What the task asks »
Each entry below must be given again word for word, with no pictures.

Input »
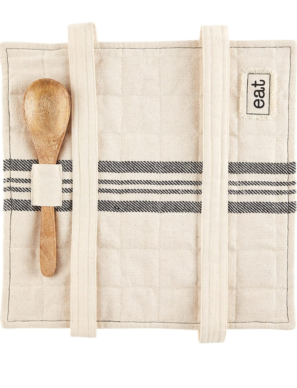 - Quilted canvas casserole dish holder holds included wood spoon with loop tab. Zipper closure.
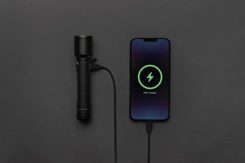 Équipée d'une LED Cree™ puissante de 10 W produisant jusqu'à 800 lumens, cette torche offre un faisceau lumineux atteignant 500 mètres. Son indice de protection IPX4 la rend résistante aux éclaboussures et aux intempéries, idéale pour une utilisation extérieure. La batterie Li-ion de 2000 mAh assure jusqu'à 8 heures d'autonomie en mode continu. Rechargez-la facilement via USB-C avec le câble inclus, certifié RCS. De plus, elle fonctionne comme une powerbank, permettant de recharger vos appareils mobiles via son port Type-C (sortie 5 V).
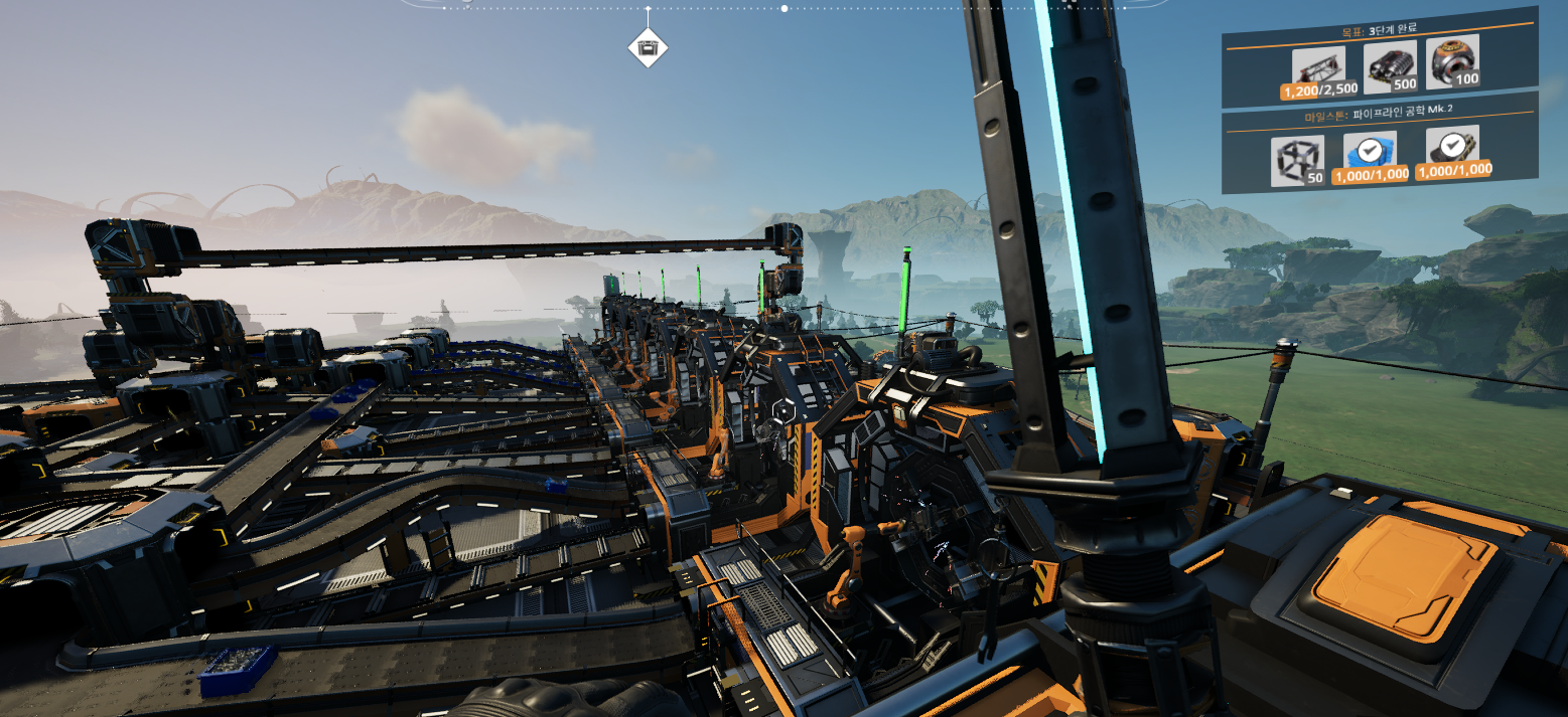 토대를 미리 알았다면 게임을 더 편하게 했을 것 같다. 울퉁불퉁한 평지는 진짜 화나날 정도로 건물 짓기가 어렵다. 건물 짓는거야 어렵진 않지만 오와 열을 맞춰야한다는 생각에 토대를 기반으로 지반을 닦아두었다. 컨베이어 벨트는 생각보다 각도 맞추기가 쉬워서 아래 그림처럼 공장부지 토대까지 컨베이어 벨트로 옮겨주고 있다.
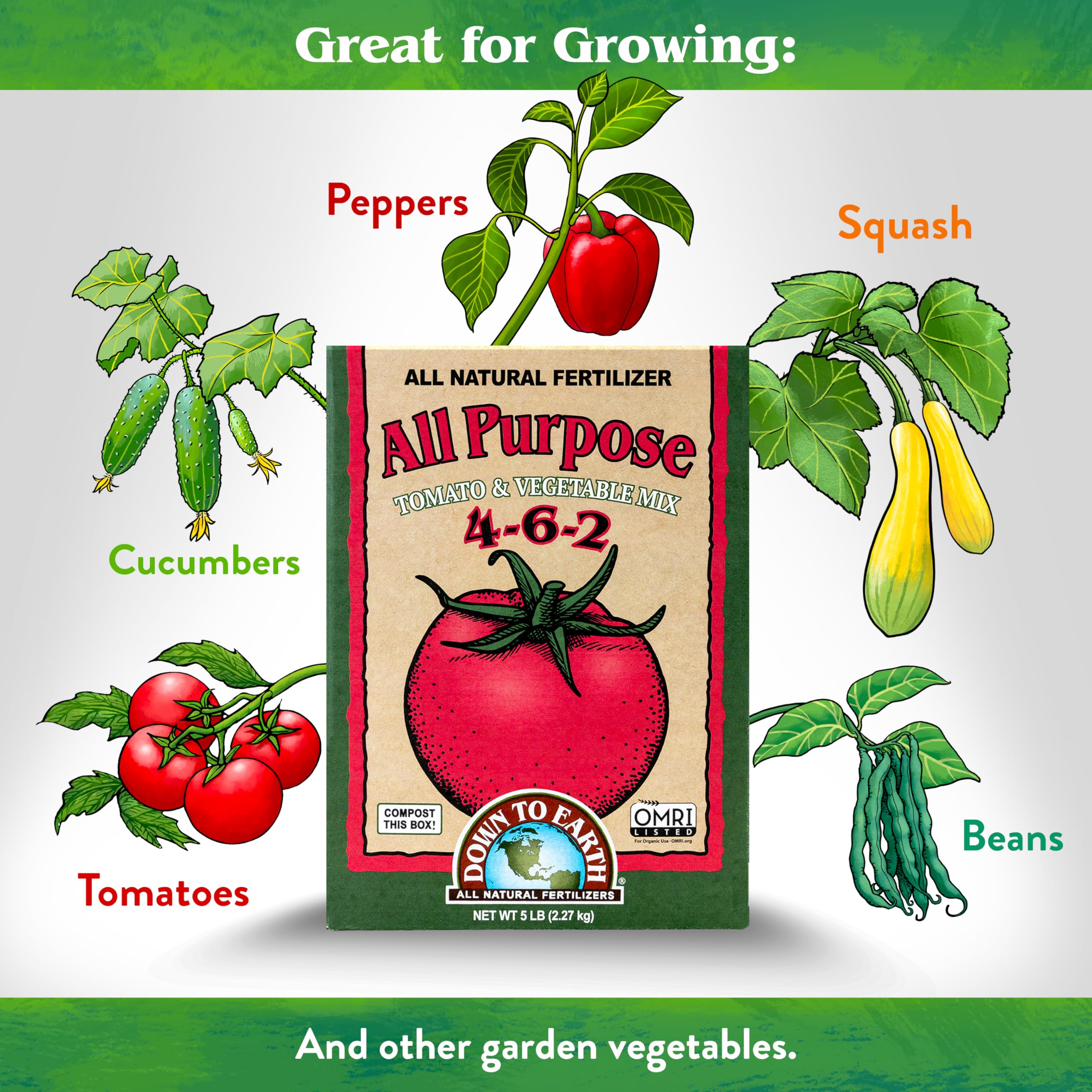 - Down To Earth All Purpose Mix is a five pound box of fertilizer with 4-6-2 formula and is ideal for all types of transplants
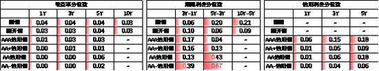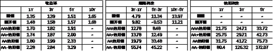 期限利差方面,上周利差大体走阔,30年国债利率升至1.85,大部分券种期限利差维持较低分位数区间。
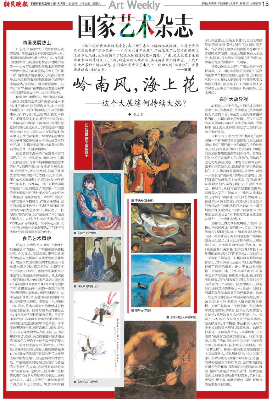 司徒乔《放你的鞭子》关子兰《少女像》林风眠《青衣女子》关良《三击骨魔》李铁夫《盘子上的鱼》《檀花木》《山水》于本《玩世间苦》中国现代油画史的演变都离不开上海之间的联系。目前正在中华艺术宫展出的“生活新——广东美术百年展”不仅呈现出从现实主义到现代主义的多元风格,而且深刻揭示了这种联系。广东是无数艺术先驱的故乡,是创意的沃土;上海是他们发光发热、实现抱负的广阔舞台。一代又一代关东油画家的才华和志向,在中国艺术史上编织了一段感人至深的“两城故事”。展会自开展以来,人气持续高涨。 ——编辑 ◆张丽星,炙手可热油画发展的热点。广东是中国最早留下欧洲油画足迹的地区。中国油画史专家刘纯认为,油画最早是由欧洲传教士带到广东的。后来的发展,出现了南北统一与对抗的局面。北方皇帝利用传教士画家使北京成为油画中心。在南方口岸广州,随着经济发展和文化交流的增加,私人创作的油画数量在较短时间内大幅增加并逐渐老化,形成了南方油画的中心。其中,广东的“外销画”在中国油画的发展中占有重要地位,影响较大。然而,直到20世纪初,西方油画才真正成为现实。作为独立完整的艺术品进入中国,并不断融入中国的民族文化和本土审美,在不同时期表现出不同的创作使命、创作功能、社会影响和艺术特色。无论是当时流行于欧美、日本的现实主义、印象主义、后印象主义,还是各种复杂的现代主义流派,几乎都在中国有所体现,而这很大程度上得益于大批留学生出国学习艺术。中国早期油画家大多有赴欧美、日本学习油画艺术的经历,而广东学生是当时海外学习油画的最大群体。留洋的广东艺术家回国后,在广州、上海、北京、南京、杭州、苏州、香港、澳门等各个城市播撒了油画的种子。他们活跃创建、建立艺术学校和社团,培养学生,举办艺术展览,促进了中国油画艺术的创作、传播和人才培养。当然,广东艺术家努力工作的地方是广东本身。 1921年,一批广东留美学生在广州组织成立了南方第一个重要的西画艺术社团——持社画会,极大地扩大了油画在广东的影响。 1922年,国立广州市立艺专成立,徐重庆任校长,留日胡根田任教务主任,留学墨西哥、美国的冯刚白任总主任,一批“海归”任教师,造就了广东油画人才辈出。此后,各种艺术团体和私立艺术学校在广东特别是广州市蓬勃发展,大、中型艺术院校纷纷涌现。小型油画展也纷至沓来,广东自然成为中国绘画发展的热点。写实主义的多元艺术风格一直是20世纪上半叶广东油画创作的主线。广东油画家拥抱时代、介入社会、反映现实,使写实油画成为传达人文精神、表达思想的重要载体。曾留学英国、美国的李铁夫是中国第一位出国学习油画艺术的广东学生。他也是中国第一位掌握纯西方写实油画技术的油画家。来自李铁夫不同时期创作的《盘鱼》、《未完成的老人肖像》、《画家冯刚肖像百幅》以及此时尚未在上海展出的《刘素伟肖像》等油画作品,我们可以一窥他精准严谨的造型能力和较高的综合能力。其作品色彩细腻,体现了写实油画淡雅、细腻、生动的艺术品质。李铁夫一生追随孙中山,艺术与革命自然成为他一生的主旋律。他努力学习西方油画艺术,并将卖画所得捐献给革命。留学加拿大的广东油画家的名作《羞辱世界》,此时也出现在中华艺术宫。于本擅长描绘乞丐、菜贩、车夫、街头艺人、苦力等社会底层人物。 《展现人间的辛酸》用简洁、精准、有力的笔触和古典油画的“酱油色”,塑造了一个在外劳苦劳后用二胡表达悲伤声音的形象:三角形构图人物裸露的肌肉与紧绷的钢琴弓形成强烈的对比,营造出独特的悲伤氛围。广东画家司徒乔因与鲁迅的关系而闻名。这位留学法国的广东油画家,以1940年创作的代表作《放下你的鞭子》引起了上海观众的关注。当时,司徒乔在新加坡观看了演员金山、王英表演的《放下你的鞭子》。他深受感动,当场画了一幅草图。后来他邀请演员到工作室当模特,创作了这幅著名的油画。作品反映了艺术家对祖国的怀念和对日本侵略者的愤怒。画面中人物刻画深刻,深度、视野、构图都独一无二,仿佛是用饱满的情感完成的。当然,20世纪上半叶的广东油画并不只是写实主义路线。本次展览呈现了当代艺术家的杰作广东油画家谭华木的《街景》、赵寿的《迈向新生活》、杨秋仁的《骑楼下》等现代主义风格,展现了广东油画的现代主义风格,体现了油画艺术多元化的艺术风格。 20世纪20年代和1930年代,上海闪耀,成为全国艺术市场、艺术展览、艺术出版、艺术传播最重要的平台。上海的艺术界也闪耀着许多优秀的广东油画家。许多留学归国的广东油画家首先选择上海生活、在上海施展技艺、在上海发光发热,推动了上海现代油画艺术的发展。 1931年在上海成立的“觉澜社”是中国第一个有明确宣言的现代社团。现代主义西画组旨在以“强烈的激情”和果断的态度介绍西方艺术的最新现代趋势。风格,打破旧艺术和沉闷的创作环境的障碍。虽然他们的艺术语言是西方的、现代的,但他们的内在动力是希望创造一种属于中国、可以与世界沟通的新艺术,追求“新时代精神”。广东油画家梁锡鸿、李中生、赵寿等人自始至终都是觉兰学会的骨干和重要成员。他们所倡导的
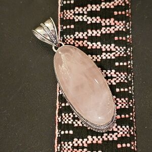 New Beautiful Rose Quartz Pendant 2.5". Set in a Vintage Style Design Sterling Silver 925
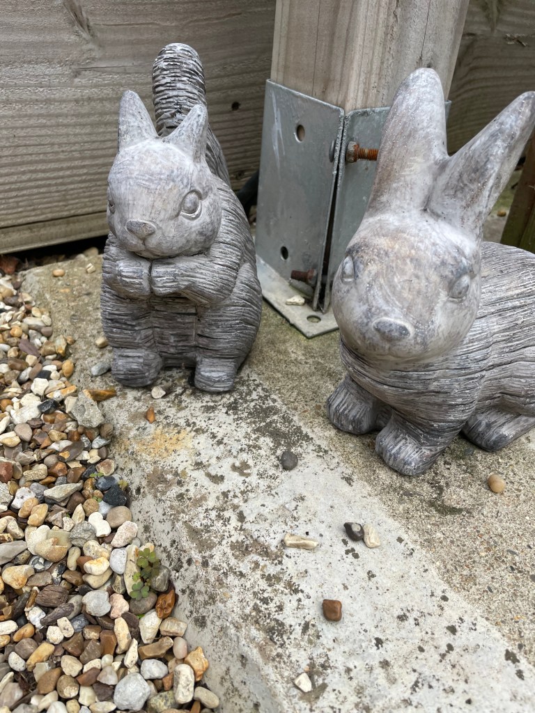 Little statues dotted around the garden area

Written answer »
 - Quilted canvas casserole dish holder holds included wood spoon with loop tab. Zipper closure.
 Équipée d'une LED Cree™ puissante de 10 W produisant jusqu'à 800 lumens, cette torche offre un faisceau lumineux atteignant 500 mètres. Son indice de protection IPX4 la rend résistante aux éclaboussures et aux intempéries, idéale pour une utilisation extérieure. La batterie Li-ion de 2000 mAh assure jusqu'à 8 heures d'autonomie en mode continu. Rechargez-la facilement via USB-C avec le câble inclus, certifié RCS. De plus, elle fonctionne comme une powerbank, permettant de recharger vos appareils mobiles via son port Type-C (sortie 5 V).
 토대를 미리 알았다면 게임을 더 편하게 했을 것 같다. 울퉁불퉁한 평지는 진짜 화나날 정도로 건물 짓기가 어렵다. 건물 짓는거야 어렵진 않지만 오와 열을 맞춰야한다는 생각에 토대를 기반으로 지반을 닦아두었다. 컨베이어 벨트는 생각보다 각도 맞추기가 쉬워서 아래 그림처럼 공장부지 토대까지 컨베이어 벨트로 옮겨주고 있다.
 - Down To Earth All Purpose Mix is a five pound box of fertilizer with 4-6-2 formula and is ideal for all types of transplants
 期限利差方面,上周利差大体走阔,30年国债利率升至1.85,大部分券种期限利差维持较低分位数区间。
 司徒乔《放你的鞭子》关子兰《少女像》林风眠《青衣女子》关良《三击骨魔》李铁夫《盘子上的鱼》《檀花木》《山水》于本《玩世间苦》中国现代油画史的演变都离不开上海之间的联系。目前正在中华艺术宫展出的“生活新——广东美术百年展”不仅呈现出从现实主义到现代主义的多元风格,而且深刻揭示了这种联系。广东是无数艺术先驱的故乡,是创意的沃土;上海是他们发光发热、实现抱负的广阔舞台。一代又一代关东油画家的才华和志向,在中国艺术史上编织了一段感人至深的“两城故事”。展会自开展以来,人气持续高涨。 ——编辑 ◆张丽星,炙手可热油画发展的热点。广东是中国最早留下欧洲油画足迹的地区。中国油画史专家刘纯认为,油画最早是由欧洲传教士带到广东的。后来的发展,出现了南北统一与对抗的局面。北方皇帝利用传教士画家使北京成为油画中心。在南方口岸广州,随着经济发展和文化交流的增加,私人创作的油画数量在较短时间内大幅增加并逐渐老化,形成了南方油画的中心。其中,广东的“外销画”在中国油画的发展中占有重要地位,影响较大。然而,直到20世纪初,西方油画才真正成为现实。作为独立完整的艺术品进入中国,并不断融入中国的民族文化和本土审美,在不同时期表现出不同的创作使命、创作功能、社会影响和艺术特色。无论是当时流行于欧美、日本的现实主义、印象主义、后印象主义,还是各种复杂的现代主义流派,几乎都在中国有所体现,而这很大程度上得益于大批留学生出国学习艺术。中国早期油画家大多有赴欧美、日本学习油画艺术的经历,而广东学生是当时海外学习油画的最大群体。留洋的广东艺术家回国后,在广州、上海、北京、南京、杭州、苏州、香港、澳门等各个城市播撒了油画的种子。他们活跃创建、建立艺术学校和社团,培养学生,举办艺术展览,促进了中国油画艺术的创作、传播和人才培养。当然,广东艺术家努力工作的地方是广东本身。 1921年,一批广东留美学生在广州组织成立了南方第一个重要的西画艺术社团——持社画会,极大地扩大了油画在广东的影响。 1922年,国立广州市立艺专成立,徐重庆任校长,留日胡根田任教务主任,留学墨西哥、美国的冯刚白任总主任,一批“海归”任教师,造就了广东油画人才辈出。此后,各种艺术团体和私立艺术学校在广东特别是广州市蓬勃发展,大、中型艺术院校纷纷涌现。小型油画展也纷至沓来,广东自然成为中国绘画发展的热点。写实主义的多元艺术风格一直是20世纪上半叶广东油画创作的主线。广东油画家拥抱时代、介入社会、反映现实,使写实油画成为传达人文精神、表达思想的重要载体。曾留学英国、美国的李铁夫是中国第一位出国学习油画艺术的广东学生。他也是中国第一位掌握纯西方写实油画技术的油画家。来自李铁夫不同时期创作的《盘鱼》、《未完成的老人肖像》、《画家冯刚肖像百幅》以及此时尚未在上海展出的《刘素伟肖像》等油画作品,我们可以一窥他精准严谨的造型能力和较高的综合能力。其作品色彩细腻,体现了写实油画淡雅、细腻、生动的艺术品质。李铁夫一生追随孙中山,艺术与革命自然成为他一生的主旋律。他努力学习西方油画艺术,并将卖画所得捐献给革命。留学加拿大的广东油画家的名作《羞辱世界》,此时也出现在中华艺术宫。于本擅长描绘乞丐、菜贩、车夫、街头艺人、苦力等社会底层人物。 《展现人间的辛酸》用简洁、精准、有力的笔触和古典油画的“酱油色”,塑造了一个在外劳苦劳后用二胡表达悲伤声音的形象:三角形构图人物裸露的肌肉与紧绷的钢琴弓形成强烈的对比,营造出独特的悲伤氛围。广东画家司徒乔因与鲁迅的关系而闻名。这位留学法国的广东油画家,以1940年创作的代表作《放下你的鞭子》引起了上海观众的关注。当时,司徒乔在新加坡观看了演员金山、王英表演的《放下你的鞭子》。他深受感动,当场画了一幅草图。后来他邀请演员到工作室当模特,创作了这幅著名的油画。作品反映了艺术家对祖国的怀念和对日本侵略者的愤怒。画面中人物刻画深刻,深度、视野、构图都独一无二,仿佛是用饱满的情感完成的。当然,20世纪上半叶的广东油画并不只是写实主义路线。本次展览呈现了当代艺术家的杰作广东油画家谭华木的《街景》、赵寿的《迈向新生活》、杨秋仁的《骑楼下》等现代主义风格,展现了广东油画的现代主义风格,体现了油画艺术多元化的艺术风格。 20世纪20年代和1930年代,上海闪耀,成为全国艺术市场、艺术展览、艺术出版、艺术传播最重要的平台。上海的艺术界也闪耀着许多优秀的广东油画家。许多留学归国的广东油画家首先选择上海生活、在上海施展技艺、在上海发光发热,推动了上海现代油画艺术的发展。 1931年在上海成立的“觉澜社”是中国第一个有明确宣言的现代社团。现代主义西画组旨在以“强烈的激情”和果断的态度介绍西方艺术的最新现代趋势。风格,打破旧艺术和沉闷的创作环境的障碍。虽然他们的艺术语言是西方的、现代的,但他们的内在动力是希望创造一种属于中国、可以与世界沟通的新艺术,追求“新时代精神”。广东油画家梁锡鸿、李中生、赵寿等人自始至终都是觉兰学会的骨干和重要成员。他们所倡导的
 New Beautiful Rose Quartz Pendant 2.5". Set in a Vintage Style Design Sterling Silver 925
 Little statues dotted around the garden area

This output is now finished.